▶ [AIM OF THE EXERCISE]: Exactly the lines from the beginning of the records to the line with "引用元 「JJ ENGLISHエクササイズ」", both ends included, are to be given again, and pictures are to be left out.

Dataset entries

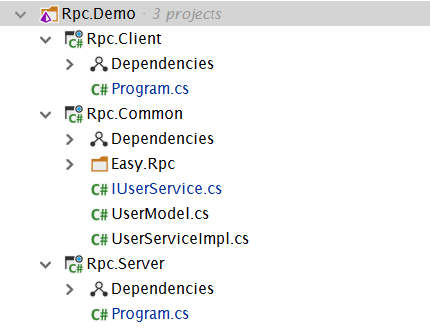 DEMO结构如下(Easy.Rpc源码目前也包含在这个里面,过两天单独拎出来做成框架,方便调用)
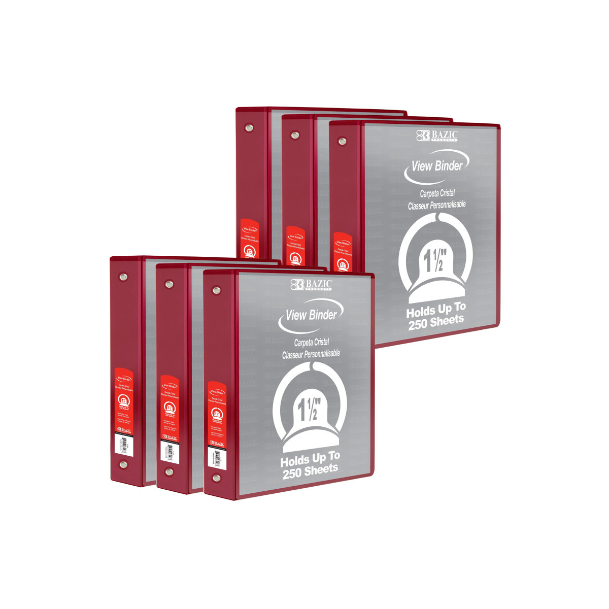 BAZIC Products® 3-Ring View Binder with 2 Pockets, 1.5", Burgundy, Pack of 6
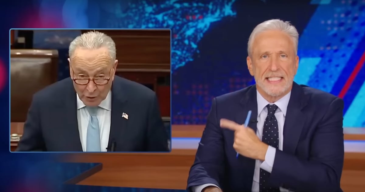 On The Daily Show, Stewart mocked Schumer for surrendering leverage without gaining anything in return, joking that he “got some cheese.”
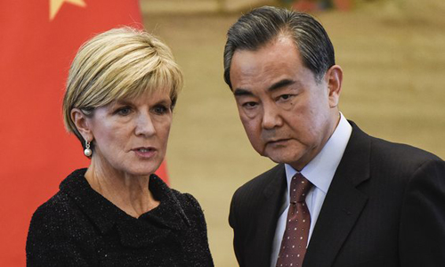 Ngoại trưởng Australia Julie Bishop và người đồng cấp Trung Quốc Vương Nghị trong một cuộc gặp hồi đầu năm nay. Ảnh: AFP
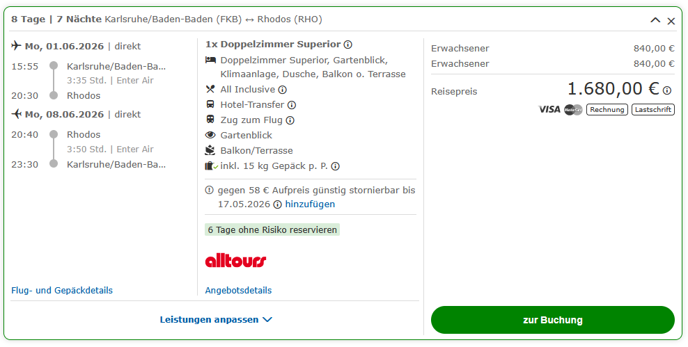 | Abflughafen | ✈️ Karlsruhe (FKB) Hannover (HAJ) Nürnberg (NUE) München (MUC) Düsseldorf (DUS) Weitere gegen Aufpreis |
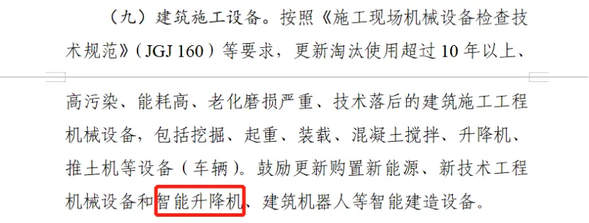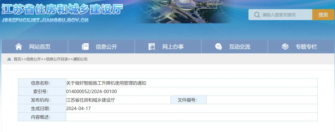 江苏省住房和城乡建设厅也在近期发布了《关于做好智能施工升降机使用管理的通知》,明确了智能施工升降机在江苏省施工现场的设备要求、安全管理要求、信息化管理要求及监督检查机制等,确保智能施工升降机及相关智能建造设备能在符合国家安全标准的前提下,为江苏省的基础设施建设提供更为可靠和高效的服务。
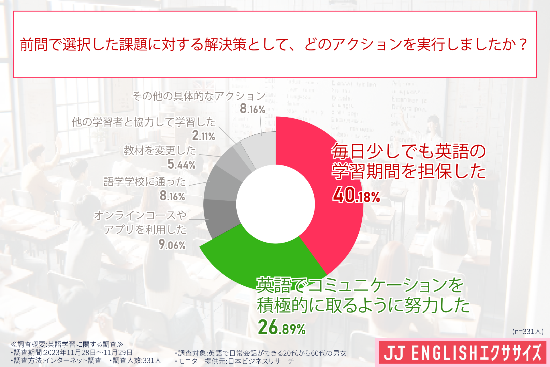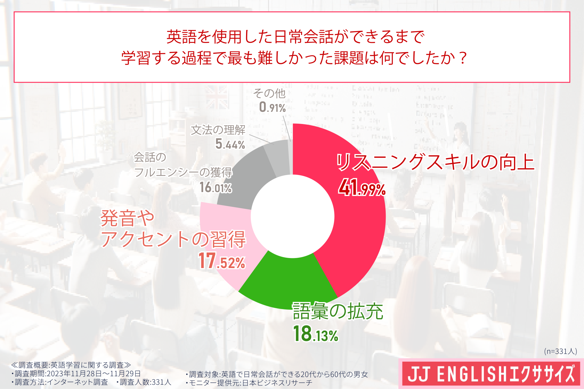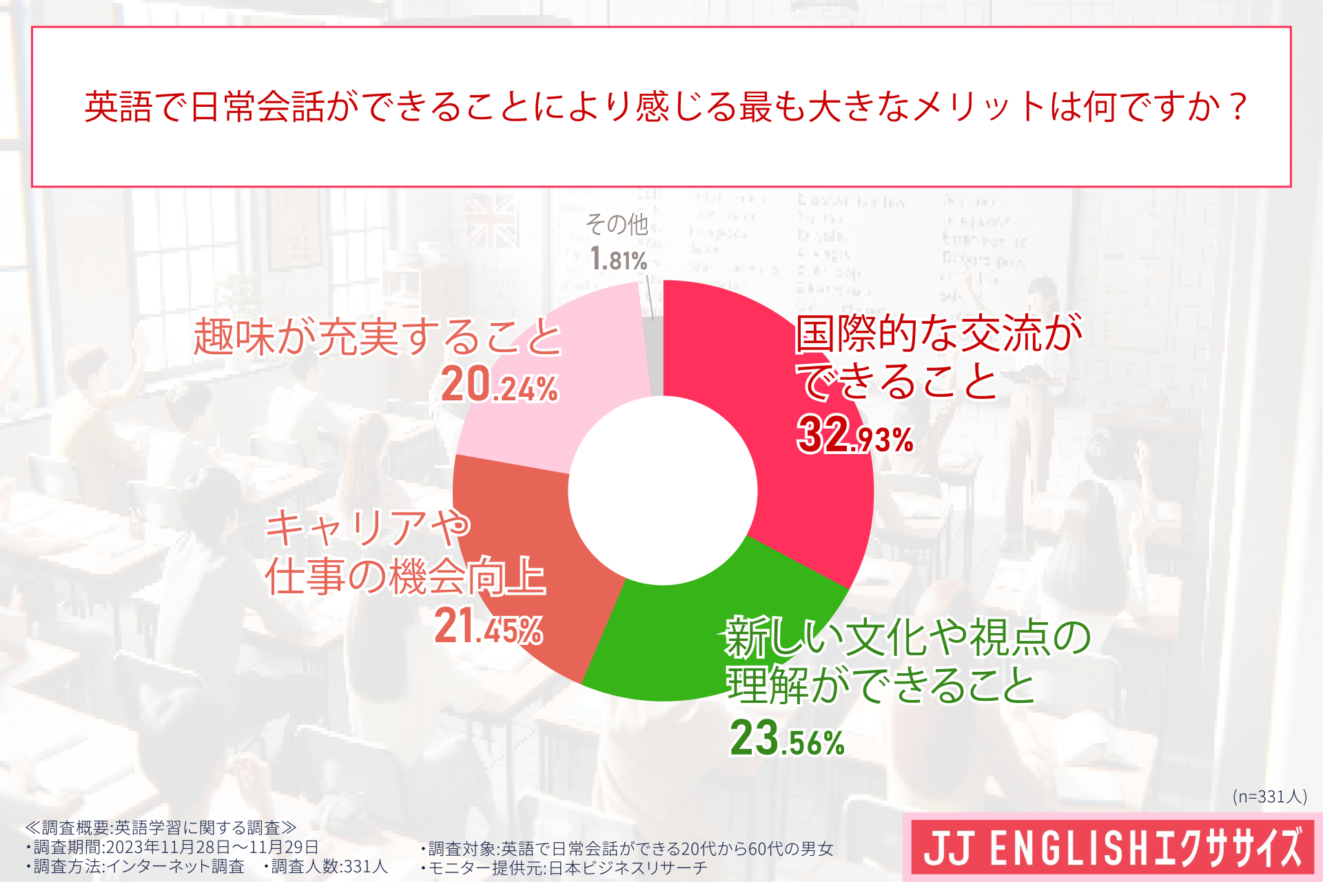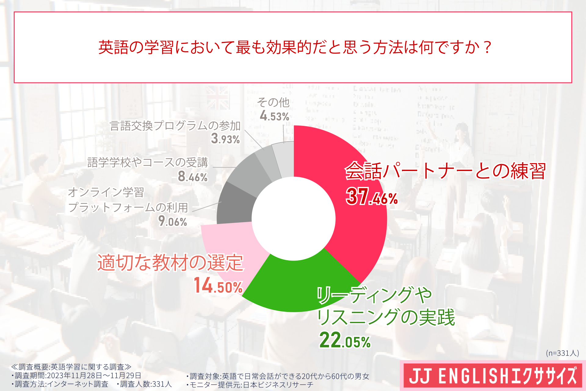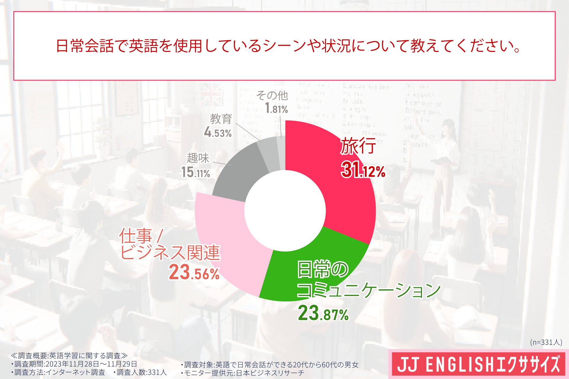 引用元 「JJ ENGLISHエクササイズ」 英語学習に関する調査(調査委託先:日本ビジネスリサーチ)
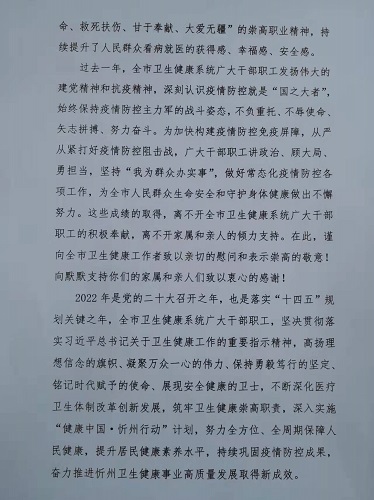 2022年是黨的二十大召開之年,也是落實“十四五”規(guī)劃關(guān)鍵之年,全市衛(wèi)生健康系統(tǒng)廣大干部職工,堅決貫徹落實習近平總書記關(guān)于衛(wèi)生健康工作的重要指示精神,高揚理想信念的旗幟,堅定勇毅篤行的信心,銘記時代賦予的使命,堅守衛(wèi)生健康職責,不斷深化醫(yī)療衛(wèi)生體制改革創(chuàng)新發(fā)展,深入實施“健康中國·忻州行動”計劃,提升居民健康素養(yǎng)水平,持續(xù)鞏固疫情防控成果,努力全方位、全周期保障人民健康,凝聚起萬眾一心的偉力,展現(xiàn)出健康衛(wèi)士的形象,奮力推進忻州衛(wèi)生健康事業(yè)高質(zhì)量發(fā)展取得新成效。

▶ [SOLUTION TO THE EXERCISE]:
 DEMO结构如下(Easy.Rpc源码目前也包含在这个里面,过两天单独拎出来做成框架,方便调用)
 BAZIC Products® 3-Ring View Binder with 2 Pockets, 1.5", Burgundy, Pack of 6
 On The Daily Show, Stewart mocked Schumer for surrendering leverage without gaining anything in return, joking that he “got some cheese.”
 Ngoại trưởng Australia Julie Bishop và người đồng cấp Trung Quốc Vương Nghị trong một cuộc gặp hồi đầu năm nay. Ảnh: AFP
 | Abflughafen | ✈️ Karlsruhe (FKB) Hannover (HAJ) Nürnberg (NUE) München (MUC) Düsseldorf (DUS) Weitere gegen Aufpreis |
 江苏省住房和城乡建设厅也在近期发布了《关于做好智能施工升降机使用管理的通知》,明确了智能施工升降机在江苏省施工现场的设备要求、安全管理要求、信息化管理要求及监督检查机制等,确保智能施工升降机及相关智能建造设备能在符合国家安全标准的前提下,为江苏省的基础设施建设提供更为可靠和高效的服务。
 引用元 「JJ ENGLISHエクササイズ」 英語学習に関する調査(調査委託先:日本ビジネスリサーチ)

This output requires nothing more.